● About this task
The exact lines of the listing, from its first through the line that contains "I denne gaveposen", are to make up the answer, and pictures are to be left out.

● Collected data
>>>>>

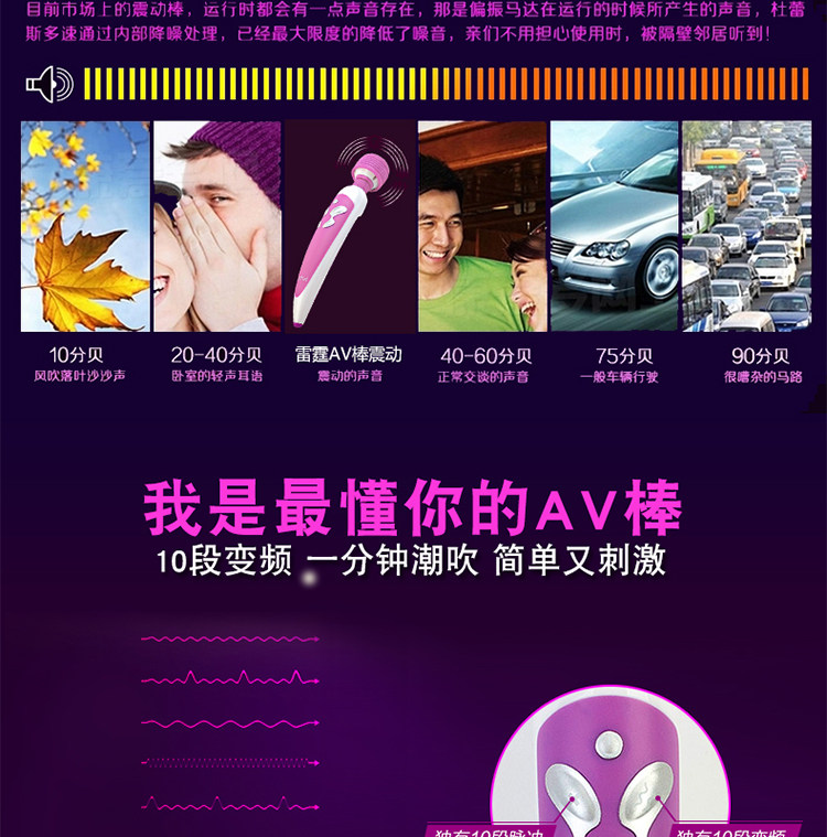 雷霆AV棒可充电震动棒按摩棒女性自慰器中号情趣成人用品女用高潮
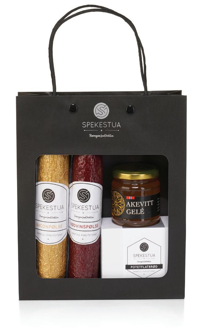 I denne gaveposen finner du gode råvarer for et skikkelig festmåltid. Posen inneholder Spekestua baconog rødvinspølse, akevittgelé og potetflatbrød. Art.nr. 22-2011
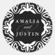 Selle sus sobres de invitación a la boda, favores y más con nuestros elegantes pegatinas de inspiración marroquí en blanco y negro clásico. El diseño de redondeo incluye los nombres conectados por escritura decorativa y rodeados por un borde geométrico en blanco sobre un fondo negro rico. Coordina con nuestra colección de invitaciones a bodas de Marrakech en negro.
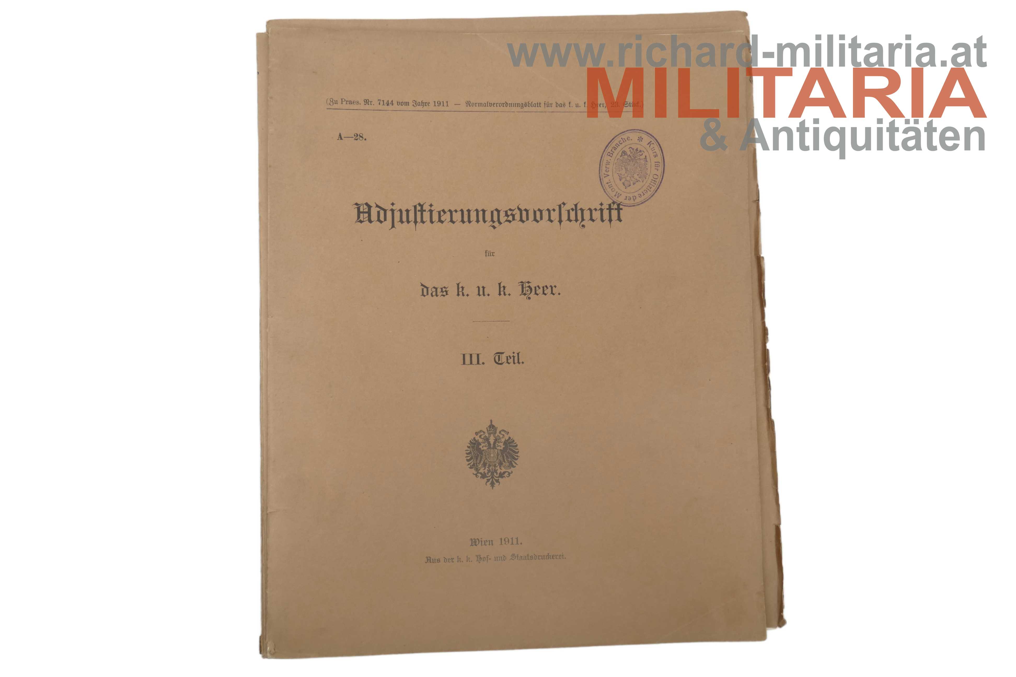 k.u.k. Adjustierungsvorschrift 1910/1911 - 7 Teile;

<<<<<

● Response
 雷霆AV棒可充电震动棒按摩棒女性自慰器中号情趣成人用品女用高潮
 I denne gaveposen finner du gode råvarer for et skikkelig festmåltid. Posen inneholder Spekestua baconog rødvinspølse, akevittgelé og potetflatbrød. Art.nr. 22-2011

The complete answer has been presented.